Extracted material: Begin
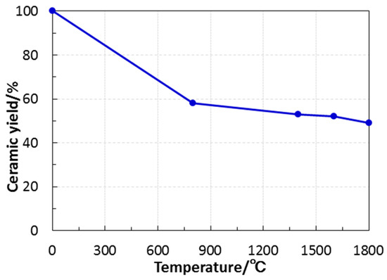Composition change of EtOSZ through 800 °C-pyrolysis and subsequent heat treatment up to 1800 °C in N2.
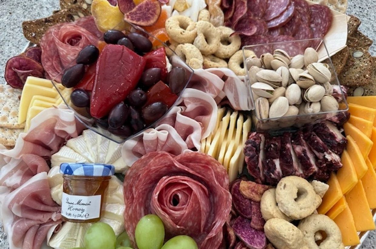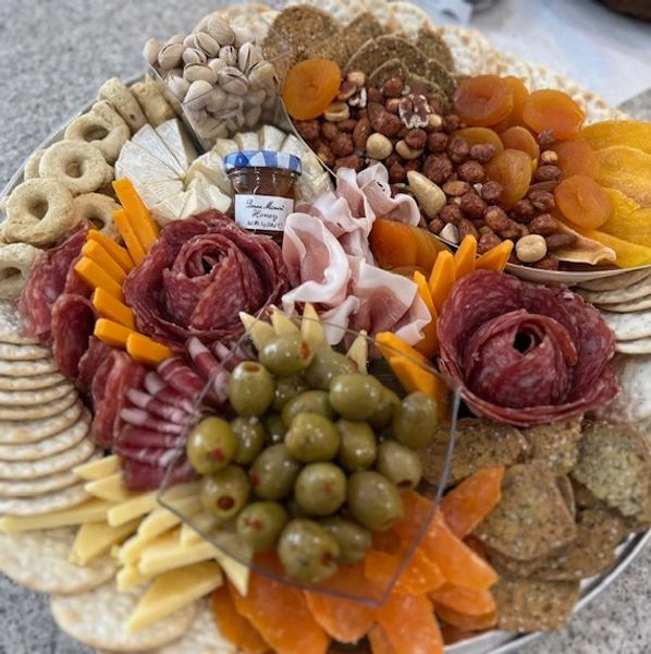 Freshly sliced cured meats accompanied by specialty cheeses, olives, gourmet crackers, dried fruits and many more...
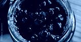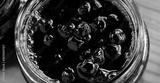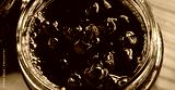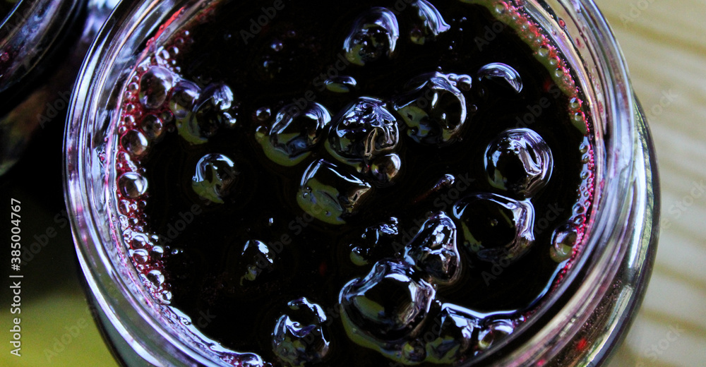 Banner of chokeberry jam in a glass jar. Sweet from aronia.
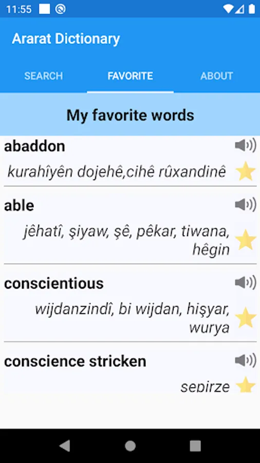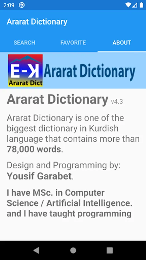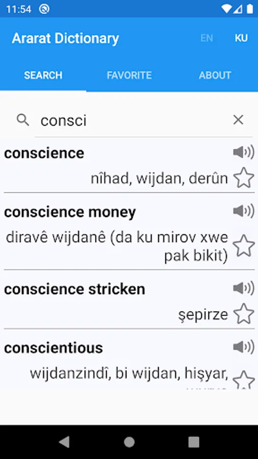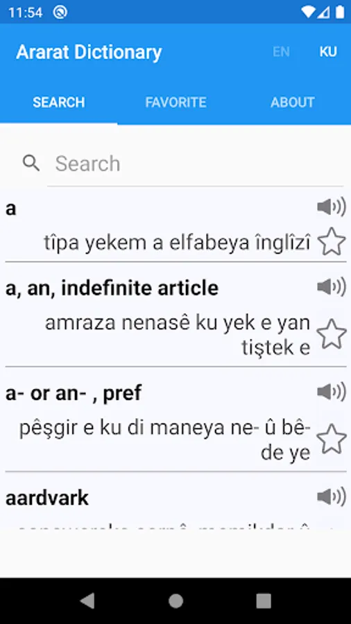 Ararat Dictionary is one of the fastest and biggest English - Kurdish Dictionary and vice versa you can search either in English or Kurdish in addition this app contains more than 78,000 words in English with 78, 000 in Kurdish too.
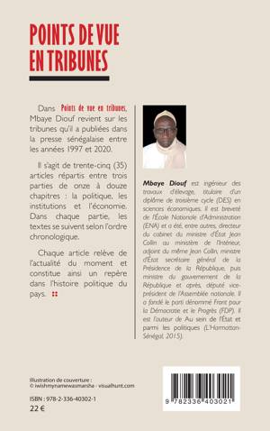 Dans Points de vue en tribunes, Mbaye Diouf revient sur les tribunes qu'il a publiées dans la presse sénégalaise entre les années 1997 et 2020. Il s'agit de trente-cinq (35) articles répartis entre trois parties de onze à douze chapitres: la politique, les institutions et l'économie. Dans chaque partie, les textes se suivent selon l'ordre chronologique. Chaque article relève de l'actualité du moment et constitue ainsi un repère dans l'histoire politique du pays.
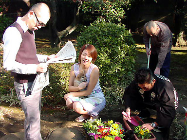 (19)続いては植木職人でもある田森さんに仕事着に着替えてもらって、皆で庭のお手入れ。田森さんは花の植え替え、二宮さんは掃き掃除、吉野さんは新聞を読み、吉岡さんはモモちゃんを抱きながら田森さんの仕事を鑑賞。途中、吉岡さんファンの田森さんは「モモちゃん、イイなぁ、一番おいしいなぁ。」と発言、周囲は大爆笑でした。
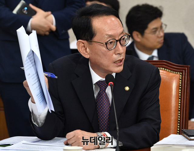 김도읍 자유한국당 간사가 8일 오후 국회 법제사법위원회에서 열린 윤석열 검찰총장 후보자 인사청문회에서 윤 후보에게 질문을 하고 있다.
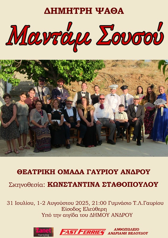 ΔΕΛΤΙΟ ΤΥΠΟΥ Η ΘΕΑΤΡΙΚΗ ΟΜΑΔΑ ΓΑΥΡΙΟΥ ΑΝΔΡΟΥ ΠΑΡΟΥΣΙΑΖΕΙ ΤΗ «ΜΑΝΤΑΜ ΣΟΥΣΟΥ» ΤΟΥ ΔΗΜΗΤΡΗ ΨΑΘΑ ΣΤΙΣ 31 ΙΟΥΛΙΟΥ 1-2 ΑΥΓΟΥΣΤΟΥ ΣΤΟ ΓΑΥΡΙΟ ΜΕ ΕΛΕΥΘΕΡΗ ΕΙΣΟΔΟ
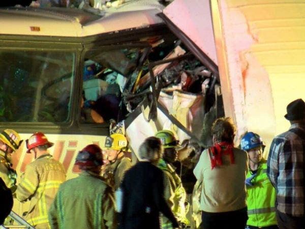 Pictures from the scene showed firefighters using ladders to get into the passenger compartment of the bus, which had been peeled back from the vehicle's undercarriage about one third of its length.
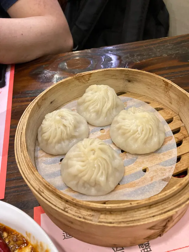 為了吃好的,又不用等太久,我們又是趁開店的時間來吃。搬了店後好了一點點,起碼不用在危險的馬路邊等位了。我們是為小籠包而來,帶孩子嘗嘗甚麼是好吃的小籠包。不用多說,肉汁多,皮薄,一口放進去,湯汁流出,絕對媲美米芝蓮幾星級的名店出品。上次跟白老鼠嘗過,已一試難忘。,底部煎至金黃色,咬下皮脆肉汁多,我們一致認為一定是孩子喜歡吃的口味,果然成為他的新寵。酸辣度適中,不會過酸也不會過辣,上次跟白老鼠配麵吃,少不免變得味淡了一點,配雲吞來吃,不但沒有影響酸辣湯的原味,反而增加了一點肉香。上海排骨麵的炸排骨很多店都做得不太認真,有些店就以一塊煎豬排來充當排骨。看看價錢要51元一碗,好像貴了一點,但看見炸排骨也40多元一塊,便推算排骨應該是這兒的精品。幸好決定嘗嘗,才知道排骨製作得如此認真。首先是排骨的厚度,絕不是薄薄的一片豬排,而是厚切的肉排。別以為肉厚就沒有味道,肉厚而入味,味道均勻。外包一層薄薄的炸粉,令肉排更香脆,真的有皮脆肉嫩的效果,我終於明白湯麵為何只值幾塊錢。上次在舊店吃過,脆而不硬,味道剛好。這次吃完全不是那種味道。…查看更多
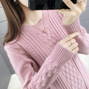 2021秋冬女装中长款长袖圆领加厚毛衣纯色内搭显瘦...
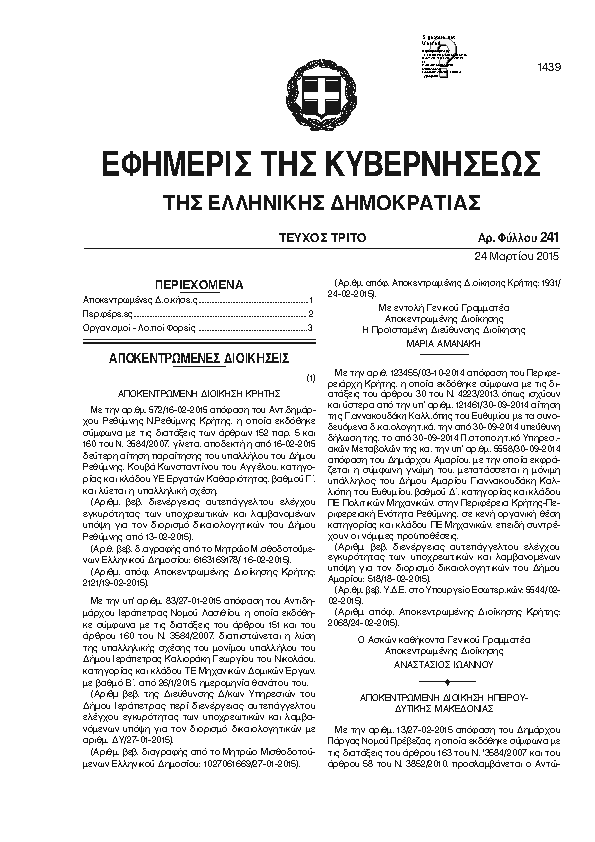 Αναζήτηση στα ΦΕΚ για:  Ιεράπετρας
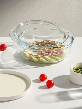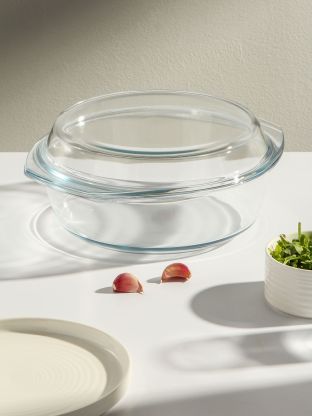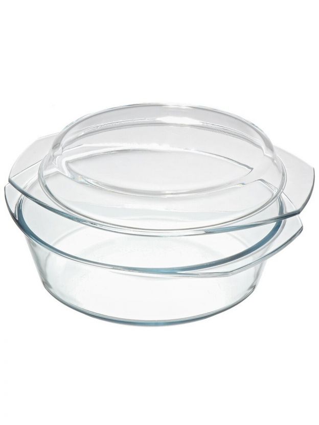 Объем 2.5 литра, размеры 29х25х10.4 см, диаметр 24 см. В комплекте крышка, подходит для запекания и разогрева.
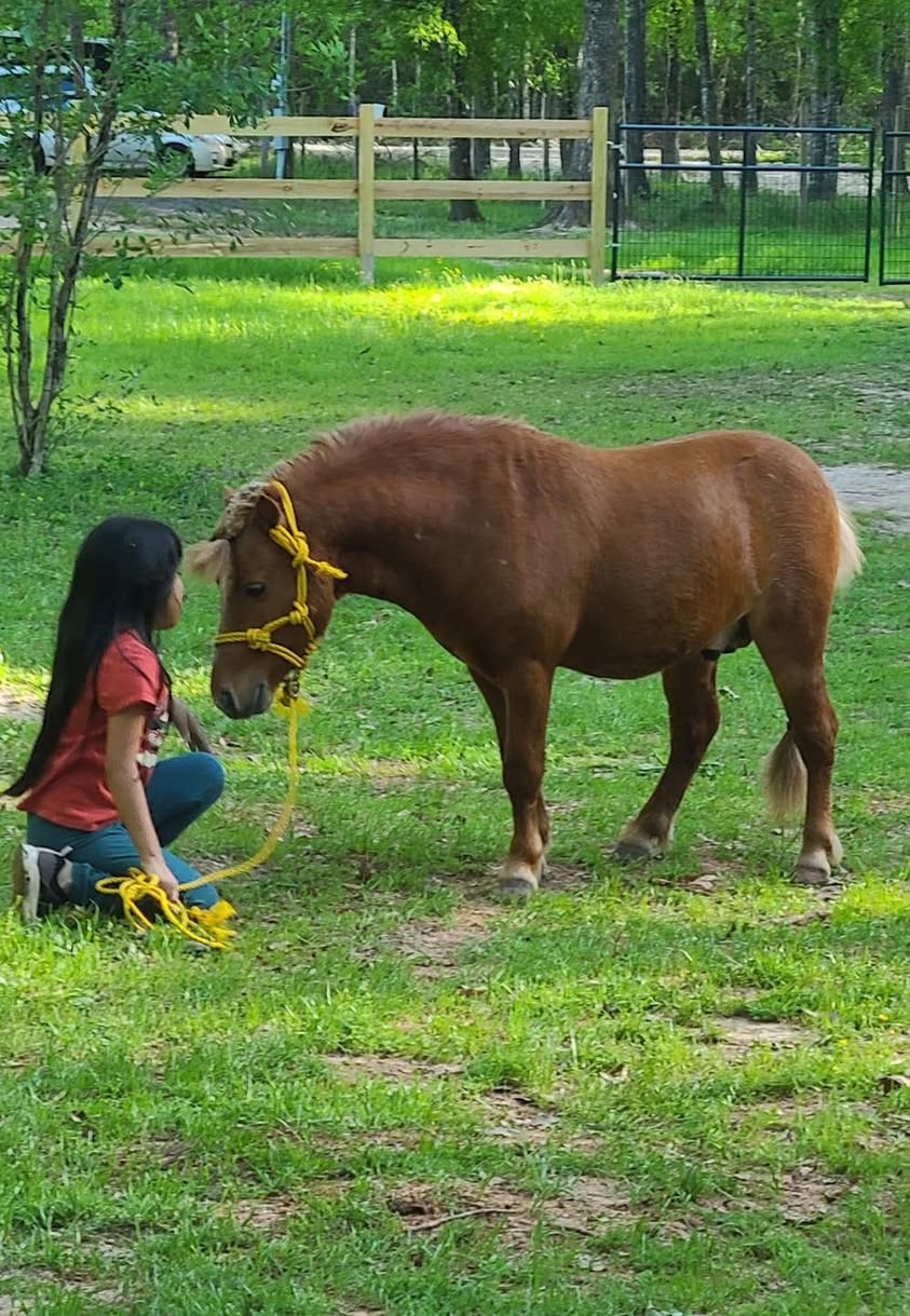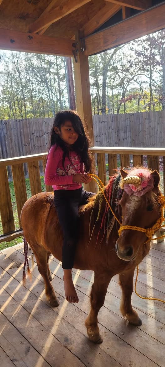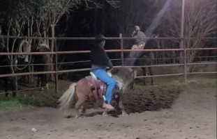 He's a 7 year old stallion. He knows he's all boy when it comes to other males but under saddle he knows when it's time to work. He loads, leads, rides solo, and stands tied. He's been in trail rides, parades, Hollween dress ups, anything a little girl would do with a pony. The older boys have taken him to practice roping and he kept up just fine with the big horses. He hasn't bucked, bolted, or acted out of pocket.
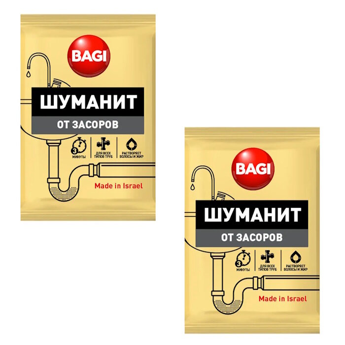 Средство для прочистки канализационных труб 70 г BAGI шуманит, для всех типов труб, 2 шт.
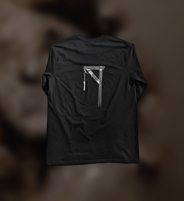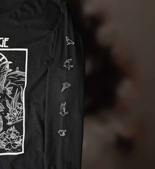 An ominous raven humanoid, snakes and flowers adorn the front of this long sleeve shirt, and the sleeves feature various birds in flight. The back design displays a gallow, an homage to our band name.
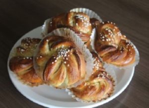 Ingredients: flour, milk, butter, sugar, cardamom, yeast, egg
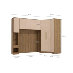 Com nichos de tamanhos diferentes, você poderá guardar calçados e roupas dobradas. Os cabideiros, metálicos e de suporte interno, são perfeitos para organizar peças maiores, como casacos e vestidos sem amassar. Já as gavetas, com corrediças telescópicas, são perfeitas para acessórios e peças menores, deixando seu espaço sempre organizado. Além disso, os aéreos otimizam espaço na vertical, enquanto o painel garante o acabamento de um quarto planejado. Com caixaria em pintura touch na cor nogueira, com a textura dos veios da madeira, as portas são na cor macadâmia em acabamento brilho.
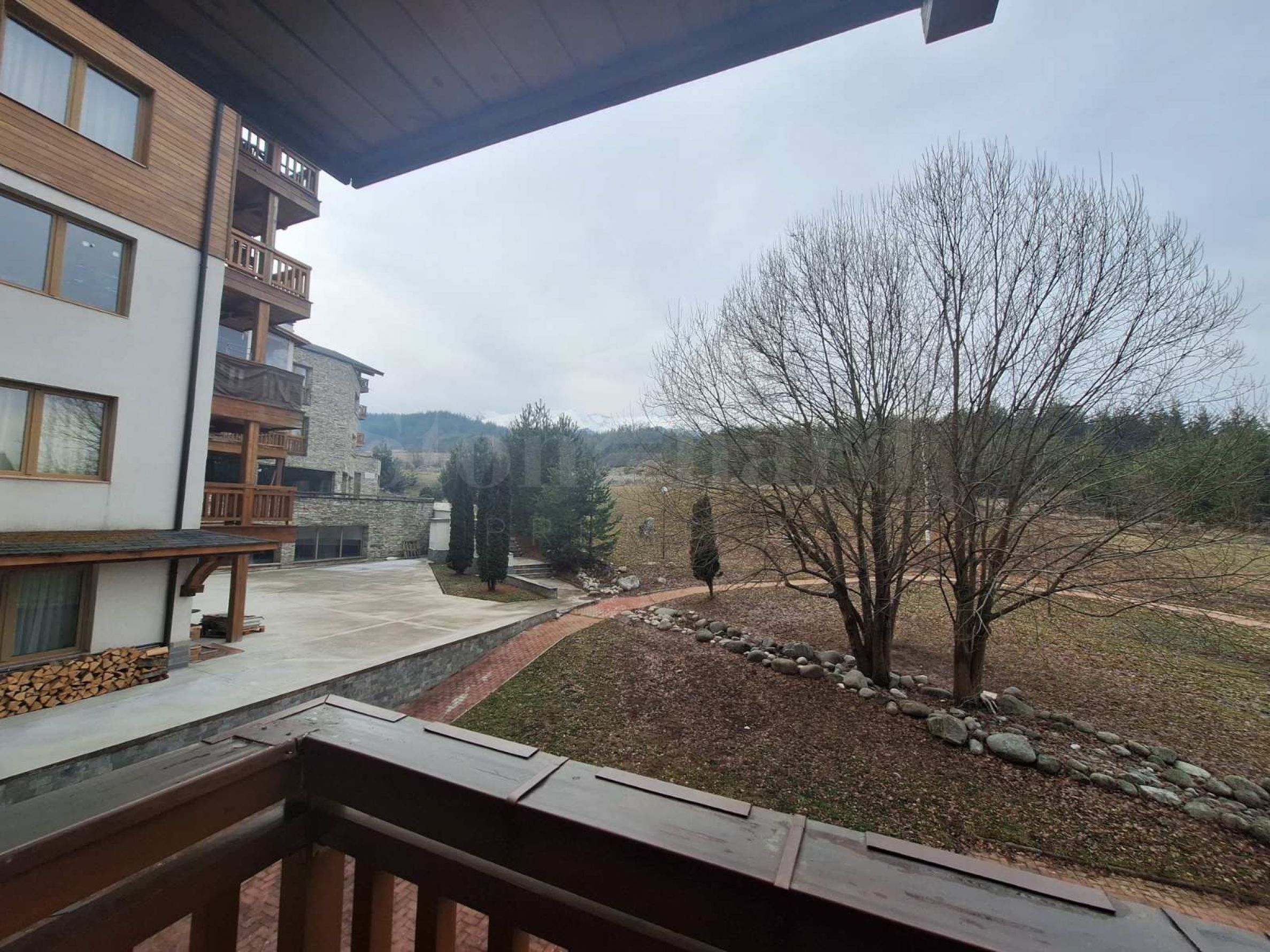 Byt nabízí krásný výhled na část sousedních budov, les a pohoří Pirin.
Extracted material: End
Please extract exactly the lines of the data, from the first through the line containing "ΔΕΛΤΙΟ ΤΥΠΟΥ Η", and add no pictures to the copy.

Answer space =>
Composition change of EtOSZ through 800 °C-pyrolysis and subsequent heat treatment up to 1800 °C in N2.
 Freshly sliced cured meats accompanied by specialty cheeses, olives, gourmet crackers, dried fruits and many more...
 Banner of chokeberry jam in a glass jar. Sweet from aronia.
 Ararat Dictionary is one of the fastest and biggest English - Kurdish Dictionary and vice versa you can search either in English or Kurdish in addition this app contains more than 78,000 words in English with 78, 000 in Kurdish too.
 Dans Points de vue en tribunes, Mbaye Diouf revient sur les tribunes qu'il a publiées dans la presse sénégalaise entre les années 1997 et 2020. Il s'agit de trente-cinq (35) articles répartis entre trois parties de onze à douze chapitres: la politique, les institutions et l'économie. Dans chaque partie, les textes se suivent selon l'ordre chronologique. Chaque article relève de l'actualité du moment et constitue ainsi un repère dans l'histoire politique du pays.
 (19)続いては植木職人でもある田森さんに仕事着に着替えてもらって、皆で庭のお手入れ。田森さんは花の植え替え、二宮さんは掃き掃除、吉野さんは新聞を読み、吉岡さんはモモちゃんを抱きながら田森さんの仕事を鑑賞。途中、吉岡さんファンの田森さんは「モモちゃん、イイなぁ、一番おいしいなぁ。」と発言、周囲は大爆笑でした。
 김도읍 자유한국당 간사가 8일 오후 국회 법제사법위원회에서 열린 윤석열 검찰총장 후보자 인사청문회에서 윤 후보에게 질문을 하고 있다.
 ΔΕΛΤΙΟ ΤΥΠΟΥ Η ΘΕΑΤΡΙΚΗ ΟΜΑΔΑ ΓΑΥΡΙΟΥ ΑΝΔΡΟΥ ΠΑΡΟΥΣΙΑΖΕΙ ΤΗ «ΜΑΝΤΑΜ ΣΟΥΣΟΥ» ΤΟΥ ΔΗΜΗΤΡΗ ΨΑΘΑ ΣΤΙΣ 31 ΙΟΥΛΙΟΥ 1-2 ΑΥΓΟΥΣΤΟΥ ΣΤΟ ΓΑΥΡΙΟ ΜΕ ΕΛΕΥΘΕΡΗ ΕΙΣΟΔΟ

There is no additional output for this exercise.